In practice, studies of this kind are constrained by the poor quality both of repositories and of the search-facilities that they provide. Searching on Google Scholar, extensive though its catchment is, can only be performed using its populist but sub-professional facilities, and mediated by its obfuscated precedence algorithm. In addition, the search-facilities of many of the commercial services that have trapped both the Basket of 8 journals and the AIS eLibrary are not of sufficient quality to enable reliable, fine-grained searches. Most provide access to far less than the full corpus of articles in each venue. Few support search within Abstract only. Some, including Elsevier, do not support wild-cards within search terms, over 50 years since such facilities became mainstream. Some also evidence serious bugs, such as bepress, which underlies the AIS eLibrary, which appears not to process either <regulat*> or <regulative> correctly. It was accordingly necessary for the search-procedures to reflect the vagaries of each particular repository.

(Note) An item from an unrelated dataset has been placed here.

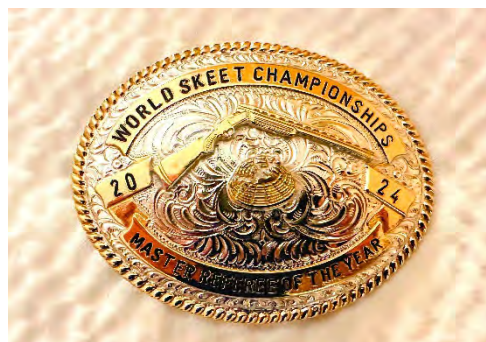
Belt Buckle – Master Referee of the Year

Using this strategy, searches using Google Scholar still only brought to light relatively small numbers of articles relevant to this study. The paucity of research on regulation in IS contexts has been previously noted (Eggert et al. 2013). In the Introduction to a Special Issue on FinTech, Alt et al. (2018) comment that "a brief analysis undertaken on Google Scholar confirmed the impression of only limited available research in the RegTech domain. This is remarkable since legal and regulatory requirements and checks have accrued in view of the growing regulation that has occurred in the financial industry after the financial crisis of 2008".

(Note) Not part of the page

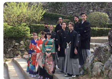
Japanese Culture Experience

In addition to normal classes, international students experience contact with nature and various aspects of practical training. Non-international students also participate, furthering their mutual interaction.

Searches in the Basket of 8 journals located 25 titles and 70 abstracts of potential relevance among the c.8,000 articles published to date. Within the AIS eLibrary, in early 2020, 65 articles were located with a relevant term in the title, and 280 in the abstract. This compares with 361 in the abstract for health, 275 for ERP, and 177 for <GIS OR geographic>. The highest peak was in 2008-09 (29 and 45 articles respectively). The counts in 2018-19 (15, 16) were similar to those in 2005-06 (16, 19) and 2011 (18); so there was little evidence of a surge of publications since the emergence of the RegTech notion. However, many of the articles identified in this way are concerned with matters outside the scope of this article, such as personal self-regulation, regulatory focus theory, and organisations' internal governance mechanisms including compliance by staff with IT security policies.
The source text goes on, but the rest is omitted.